Daffy’s death humbled me. Danith and I had been taken to our hospital room at 7:00 AM on a Thursday in August, and 12 hours later, my body expelled our stillborn daughter, who had died in my womb about one day earlier. He and I held her in between us, and although my body hurt from losing her, it was also frozen. I did not want to let her go. How would I be able to let her go?
“We will get her back,” Danith said. I asked if he meant what he said. “We will try again as soon as possible, and we will get her back. She is gone now, but it will only be temporary. I promise you, we will get her back.”
For the first couple of weeks after we came home from the hospital, I did not speak to God. Once I started dialoguing with Him again, I asked for Daffy back. When friends inquired about what they could do for us, I requested that they pray for Daffy to return. I remember saying to a kindred spirit that I wasn’t asking for another baby. I was asking for Daffy.
Danith and I discovered a new belief: our daughter. We were earnest believers. We painted visions of our baby’s reincarnation, and we practiced words that we would say upon her arrival. When either one of us found the other one in that dark hole of grief, we reminded each other that Daffy was coming back. The weeks and months following her departure, I prayed to God and wrote to Daffy.
September 6, 2015
Since August 25, 2015, when I learned that your heart was failing, I’ve been looking into the past. Every day, I say, “This day, one week ago…this day, two weeks ago…” I didn’t understand it then. And I don’t understand it now. Life was so perfect, Daffy. Life was the sweetest that it had ever been. One week earlier, before I learned that your heart was failing, I bargained with you to give me 30 minutes to shop at Giant Eagle. Lately, you had been pushing into my diaphragm, so I would often feel tight and exhausted from walking; thus, I had to make a deal with you. I said that if you would let me shop for dinner, then I would feed us chocolate ice cream later. You agreed to the deal, and when we came home, I opened the ice cream and fed it to us. This day two weeks ago, you and I were working on the yard.
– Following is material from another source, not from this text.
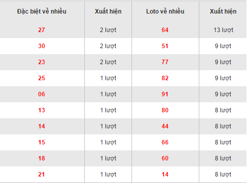 Bảng thống kê các cặp loto về nhiều của Xổ số Quảng Trị trên đây cho ta thấy, bộ số 64 đang dẫn đầu bảng với 13 lần xuất hiện. Các bộ 51, 77, 82, 91 thì đang sở hữu 9 lần xuất hiện trên bảng. Các đầu còn lại trong bảng đều cùng sở hữu 8 lần xuất hiện trong 30 ngày quay gần đây nhất, đó là các bộ 80, 44, 66, 60, 14.

Then, that night, you and I watched a movie with Papa. Everyone was so happy. The word “happy” is often overused, its meaning losing meaning. Let me give it a proper meaning. With you in our lives physically, I reached a state of bliss that allowed me to float through air. That was how freeing loving you was. It freed me, Daffy.
Daffy, tonight my heart is numb. I’ve cried so many tears, and I will cry some more. Many more. Too many thoughts are swirling around in my head that I don’t know where to start or how to start penning any of them. Mainly they consist of the following: fear and trying to understand. I am afraid of many things, Daffy. I am afraid of the future. I am afraid of God. I am afraid that you will not come back to me. I am trying to understand what it is that I am supposed to learn through losing you, my sweet baby girl. I am trying to understand why you were sacrificed just so I could learn a lesson.